Sufficient conditions for the Fourier transform to be integrable

In this article, the condition for the Mellin inversion theorem (MIT) is that the inverse Mellin transform $$ f(x) = \frac{1}{2\pi i} \int_{c-i\infty}^{c+i\infty} F(s) x^{-s} \, ds $$ converges absolutely and uniformly for $c \in (a,b)$, with $F(s)$ being some function that is analytic in the strip $a < \Re(s) < b$. This is so that the Fourier inversion theorem (FIT) can be used to prove the former theorem. However, I am struggling to that the aforementioned condition is sufficient.
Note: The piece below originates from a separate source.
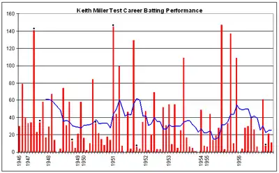 A member of the record-breaking Invincibles, at the time of his retirement from Test cricket in 1956, Miller had the best statistics of any all-rounder in cricket history.[5] He often batted high in the order, sometimes as high as number three. He was a powerful striker of the ball, and one straight six that he hit at the Sydney Cricket Ground was still rising when it hit the upper deck of the grandstand. Miller was famous for varying his bowling to bemuse batsmen: he made sparing use of slower deliveries and would often adjust his run-up, surprisingly bowling his fastest deliveries from a short run. He was also a fine fielder and an especially acrobatic catcher in the slips.[6]
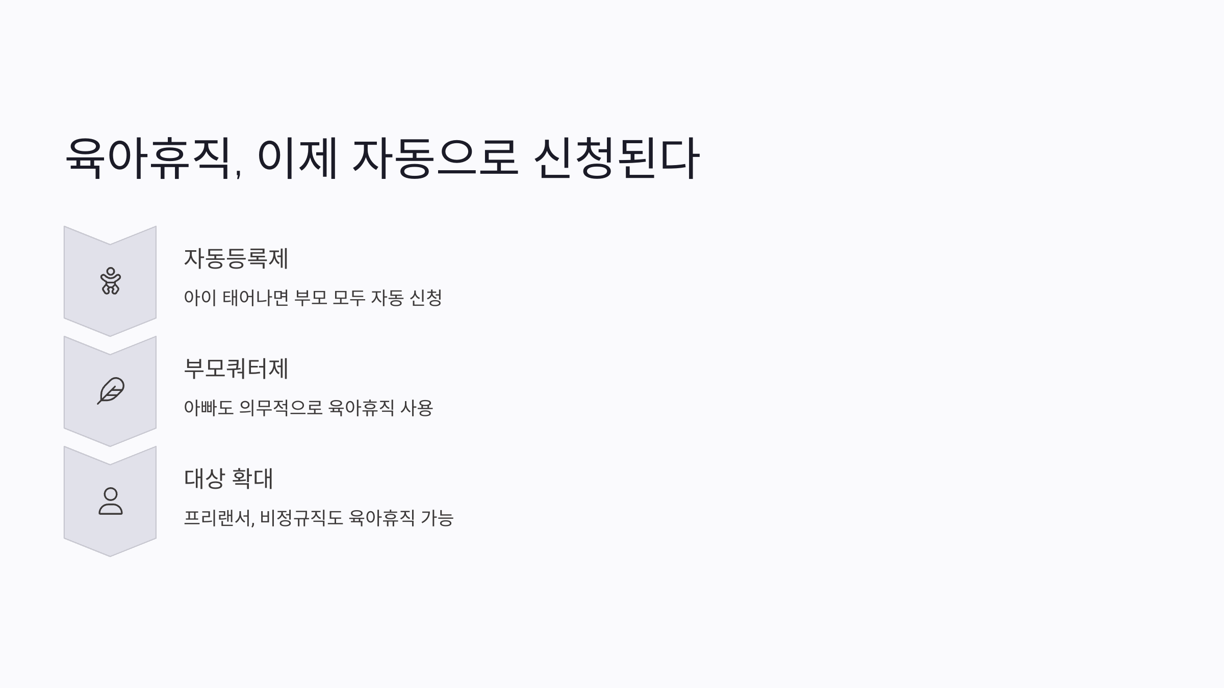 육아휴직도 완전히 바뀌어요. 지금은 회사에 따로 신청해야 하고, 눈치도 봐야 하고 그랬잖아요. 앞으로는 아이가 태어나면 부모 둘 다 자동으로 육아휴직이 신청된다고 해요.

In my attempted proof of the MIT, I arrive at $$ \mathcal{F}^{-1}\{F_\xi\}(t) = e^{-ct} \mathcal{M}^{-1}\{F\}\left(e^{-t}\right), $$ where $s = c + 2\pi i \xi$ and $F_\xi (\xi) = F(s)$. This is where I am to apply the FIT and then proceed to easily complete the proof. The version of the FIT that I am working with requires $F$ to be piecewise continuous, as well as $F_\xi$ and $\mathcal{F}\{F_\xi\}$ being $\mathcal{L}^1(\mathbb{R})$. Since $F_\xi$ is analytic, it is piecewise continuous. It is also easy to show that it is integrable from the convergence of the inverse Mellin transform. How do I show that $\mathcal{F}\{F_\xi\}$ is also integrable? I have seen examples on this site of integrable functions with fourier transfroms that are not integrable.